The singlestore-haystack library can be installed using the standard Python package installation process:

pip install singlestore-haystack

Data Storage Model

SingleStoreDocumentStore stores documents as rows in a SingleStore table. Vector embeddings are stored in a VECTOR type column in the table.

SingleStoreDocumentStore automatically creates the required vector and full-text indexes if they do not already exist. When using SingleStoreEmbeddingRetriever, documents must be embedded before they are written to the database. Use a Haystack embedder to generate these embeddings. For example, use the SentenceTransformersDocumentEmbedder in an indexing pipeline to generate document embeddings before storing them in SingleStore.

The following is a visual representation:

In this infographic:

  • Haystack table is a SingleStore table used by SingleStoreDocumentStore to persist Haystack Document objects as rows.

  • embedding is a property of the document, which is stored as a vector of type VECTOR(n, F32).

  • content is a property of the document.

  • vector indexes are SingleStore vector indexes created on the embedding column to enable efficient search for dense retrieval.

  • fulltext index is a SingleStore full-text index created on the content column to support BM25-based sparse retrieval.

  • write_documents represents the insert operation where SingleStoreDocumentStore stores documents in the table.

  • retrieve_documents represents the retrieval operations run by retrievers, such as SingleStoreEmbeddingRetriever (for vector search) and SingleStoreBM25Retriever (for full-text search).

For example, consider the following code:

from haystack import Document
from haystack_integrations.document_stores.singlestore_haystack import SingleStoreDocumentStore
# Initialize the document store (uses S2_CONN_STR by default)
document_store = SingleStoreDocumentStore(
database_name="haystack_db",
table_name="haystack_documents",
embedding_dimension=384,
)
# Each Document becomes a row in the SingleStore table
documents = [
Document(
content="SingleStore is a distributed SQL database built to power intelligent applications.",
embedding=[0.1] * 384, # VECTOR(384, F32) column
meta={
"num_of_years": 3, # stored as JSON/metadata column
},
)
]
# Insert documents into SingleStore
document_store.write_documents(documents)

Supported Components

This library implements the DocumentStore protocol methods; import the SingleStoreDocumentStore implementation as follows:

from haystack_integrations.document_stores.singlestore_haystack import SingleStoreDocumentStore

In addition to SingleStoreDocumentStore, the singlestore-haystack library includes the following Haystack Retriever components that can be used in a pipeline:

  • SingleStoreEmbeddingRetriever: Queries SingleStore vector index and finds semantically related documents.
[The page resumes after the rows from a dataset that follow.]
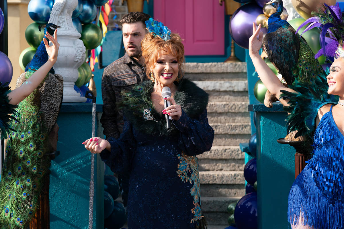 Next week, the new hotel’s grand opening gets underway, with Johnny (Charlie Suff) giving his mum a last-minute pep talk before she heads into the square for her flamboyant launch.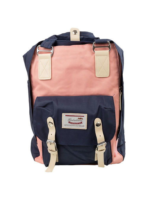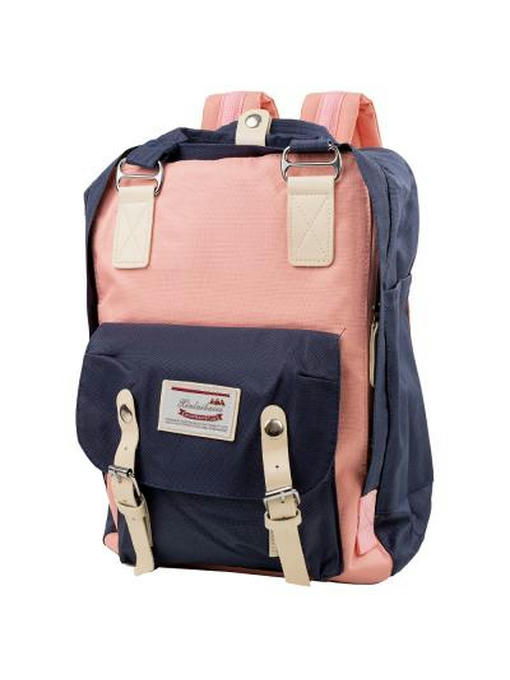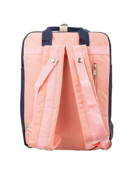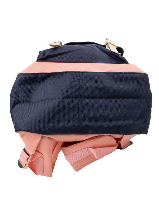 Цветовое решение, в котором выполнен этот рюкзачок, радует практичностью притемнённого синего и нежностью светлого розового. Аксессуар выглядит оригинально благодаря конструкции в целом. Объёмистый карман на лицевой стороне закрывается пряжками на ремешках. Ручки крепятся крупными накладными деталями и металлической фурнитурой. Кнопки – крупные, с их помощью можно соединить ручки (их здесь две, и они позволяют свободно носить рюкзак наподобие сумки), пристегнуть свободные концы ремней, которыми регулируется длина лямок. Основное отделение вместительное, закрывается надёжной молнией, внутри – много карманов. Изделие торговой марки VALIRIA FASHION изготовлено из крепкой полиэстеровой ткани, тщательно проработано по всем швам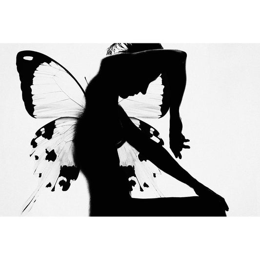 Butterfly Woman Black Modern Wood Framed Art Print by Blom, Therese
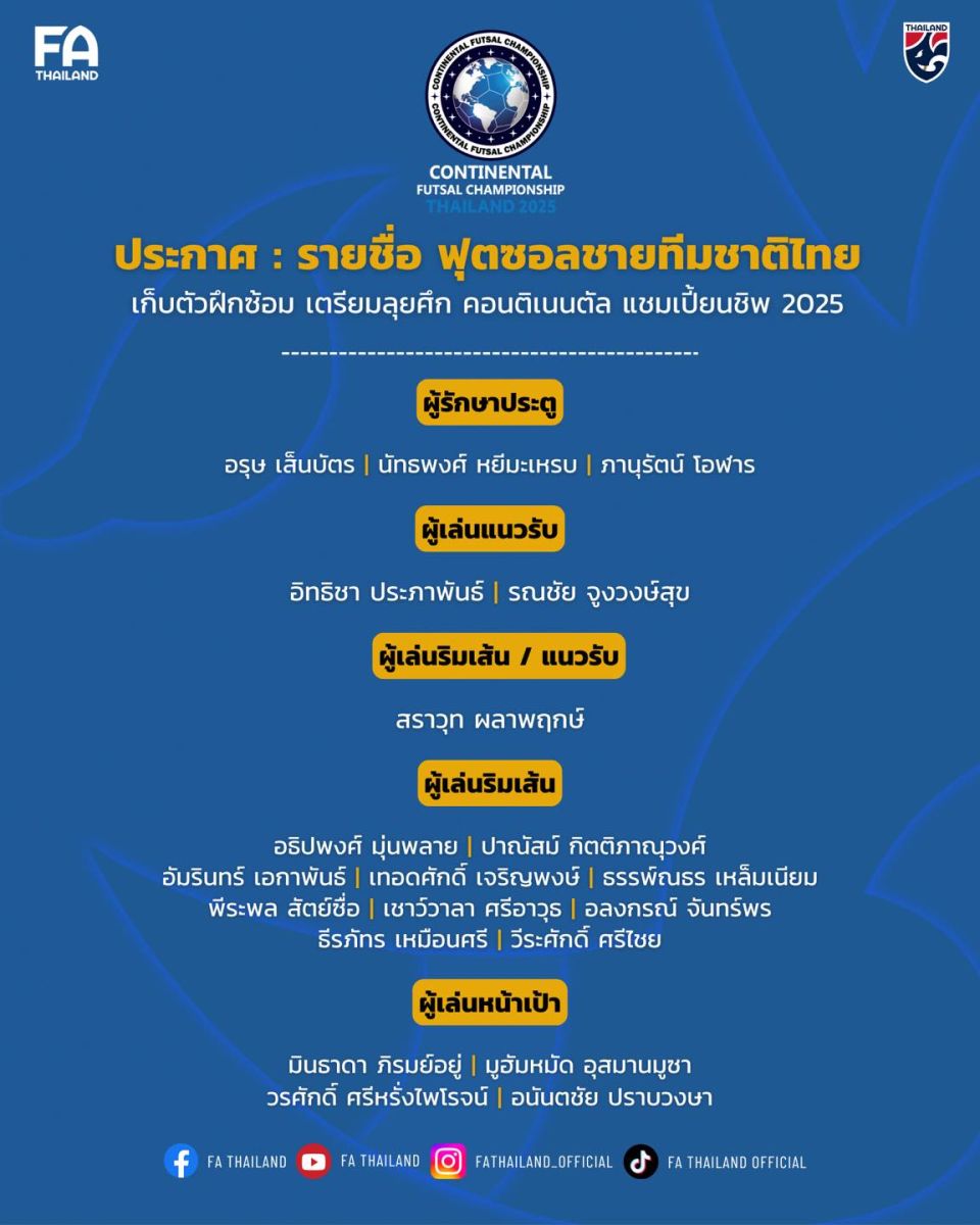 ประกาศ : รายชื่อ 20 แข้ง ฟุตซอลชายทีมชาติไทย เก็บตัวฝึกซ้อม เตรียมลุยศึก คอนติเนนตัล แชมเปี้ยนชิพ 2025

This component uses SingleStoreDocumentStore to perform vector similarity search over stored vector embeddings.

    from haystack_integrations.components.retrievers.singlestore_haystack import SingleStoreEmbeddingRetriever
  • SingleStoreBM25Retriever: Performs sparse retrieval using the BM25 ranking algorithm. It leverages SingleStore full-text search (FTS) capabilities to retrieve documents based on keyword relevance instead of vector similarity (embeddings). This component uses SingleStoreDocumentStore to execute BM25 queries. SingleStore recommends using this component for keyword-based and hybrid search scenarios.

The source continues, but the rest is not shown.